Grim as that'd gone, he'd dredged up another smile as Vera listed off her make-work and get-by plans. Swimming in a lake; oh, he could think of a few lakes. And that violin - Guin nodded gravely into his first go at the thermos, like he'd been put-upon by all her so-called practice and couldn't wait for her to figure those damn strings out. Like Vera and her violin weren't one of the most beautiful things he'd ever heard or seen.
But it didn't make a difference, to her, how fucking miserable her office might be. So long as her exam room had colour and soul, as her patients were comfortable. He sighed, steaming on the brisk-edged air. "I've got some kinda permission to head down there soon, so - I'll keep an eye out. See what there is." For her office. And exam room.

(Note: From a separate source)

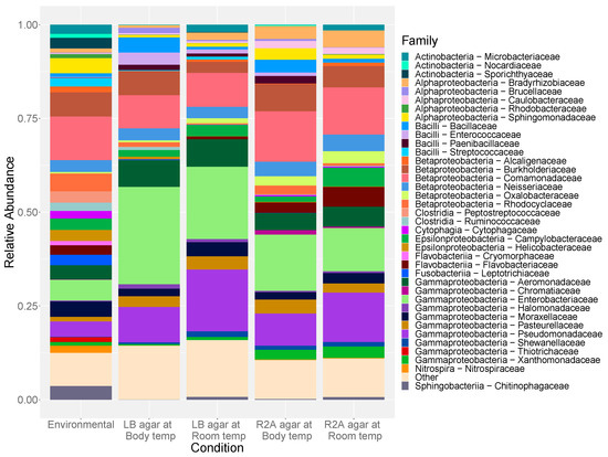Between the two incubation temperatures, Arcobacter sp. (Campylobacteraceae; p = 0.001) and Pseudomonas sp. (Pseudomonadaceae; p < 0.001) were seen in greater abundance at room temperature (Figure 6). Members of the Bacillaceae family, particularly Bacillus sp., made up greater proportions of the cultured communities at 37 °C (p = 0.024; Supplementary Table S10). Corresponding to significant changes in diversity between the two media sources, several taxonomic families were found to be significantly more abundant on R2A agar. These families include individuals within each of the four proteobacterial classes recovered, such as Bosea sp. (p = 0.004), Polynucleobacter sp. (p = 0.024) Arcobacter sp. (p = 0.001), and Stenotrophomonas sp. (p = 0.025). Only antibiotic-resistant Enterobacteriaceae were found to be significantly more abundant on the LB agar (p = 0.013).

His projects? Christ. He stalled over a bite of banana bread, then licked the stickiness from his fingers. "Ah..." Guin laced those hands, cracked every bony knuckle. As if he was about to throw himself up a cliffside, a rough climb ahead. Tugging his cast-low stare out of the roots cradling the pair of them, he looked Vera in those doe-eyes of hers. "Couple apologies, looks like." Yeah. Of course he'd see her again. Someday. He'd known that, leaving. But, he'd made the mistake of expecting - expecting to be able to know when that'd be. To come back and get to someplace that felt like ready, so he'd... do it better than he was bound to, at least, if he tried unprepared. Hadn't meant for it to be like this: a surprise, unfamiliar ground. But it was. So. "Do you - wanna hear that, now?" Best to ask and see, yeah? If Vera'd rather just... have this, the clear and present, they could. And if she wanted her share of sorry, then God knew she was owed.